- Directed by: Peter Askin
- Written by: Christopher Trumbo
- Produced by: Will Battersby; Alan Klingenstein; Tory Tunnell; David Viola;
- Starring: Dalton Trumbo
- Cinematography: Jonathan Furmanski; Fred Murphy; Chris Norr; Frank Prinzi;
- Edited by: Kurt Engfehr
- Music by: Robert Miller
- Production companies: Red Envelope Entertainment; Filbert Steps Productions; Safehouse Pictures; Reno Productions;
- Distributed by: Magnolia Pictures; Samuel Goldwyn Films;
- Release dates: September 10, 2007 (Toronto International Film Festival); June 27, 2008 (US);
- Running time: 96 minutes
- Country: United States
- Language: English

= Trumbo (2007 film) =

Trumbo is a 2007 American documentary film directed by Peter Askin, produced by Will Battersby, Tory Tunnell, Alan Klingenstein, and David Viola, executive produced by Jim Kohlberg, and written by Christopher Trumbo.

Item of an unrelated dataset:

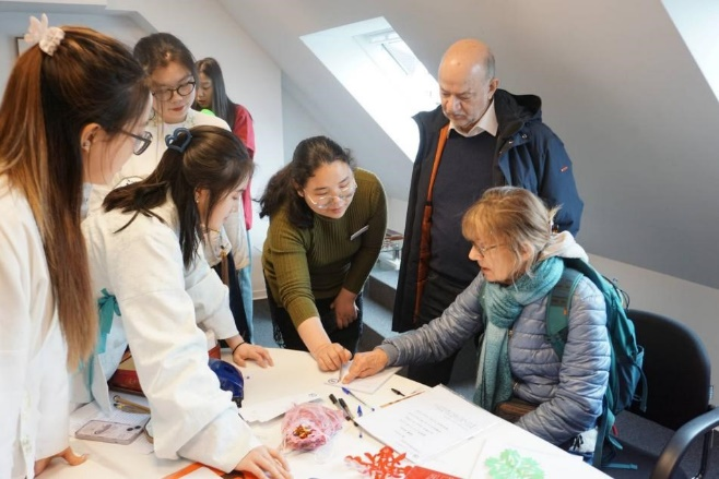 2024年4月20日,德语2021级学生张赫菱、江林颖作为志愿者,在德国帕德博恩孔子学院参与了国际中文日活动。活动中,交换生们用德语向前来参加活动的国际友人讲解了中国的十二生肖文化,并为他们分析了各自对应的中国生肖。更有趣的是,他们还教外国朋友如何在书签上正确地书写自己的中文名字以及对应的生肖汉字。在生肖转盘游戏中,一位德国女孩因为转到了自己对应的龙肖像而格外兴奋,她欣喜地向大家展示了身上龙纹样式的T恤,展现出对中国文化的浓厚兴趣与热爱。活动结束时,外国朋友们将写好的书签当作纪念礼物带走收藏,这一幕让交换生们深切地感受到学好一门外语的优势。

It is based on the letters of Christopher Trumbo's father, Dalton Trumbo, an Oscar-winning screenwriter who was imprisoned and blacklisted as a member of the Hollywood Ten, ten screenwriters, directors and producers who refused to testify before the House Un-American Activities Committee (HUAC) in 1947 during the committee's investigation of Communist influences in the Hollywood film industry.

The film debuted at the Toronto International Film Festival and includes film clips and interviews, readings from Trumbo's letters by performers such as Michael Douglas, Joan Allen, Donald Sutherland, Liam Neeson, and Paul Giamatti, and a reenactment by David Strathairn of a speech given by Dalton Trumbo in 1970. The readings include parts of what the New York Times calls "Dalton Trumbo's remarkably stage-ready personal letters" that cover the period from the late 1940s to the early 1960s. Interspersed with these are archival clips from the HUAC hearings, footage from home movies, and "exceptionally well-selected interview clips with Trumbo".

==Reception==
Rotten Tomatoes, a review aggregator, reports that 82% of 55 surveyed critics gave the film a positive review; the average rating was 6.8/10. The site's consensus reads: "Trumbo celebrates the life and work of blacklisted screenwriter Dalton Trumbo with measures of humor and sadness." Metacritic rated the film 71/100 based on 18 reviews.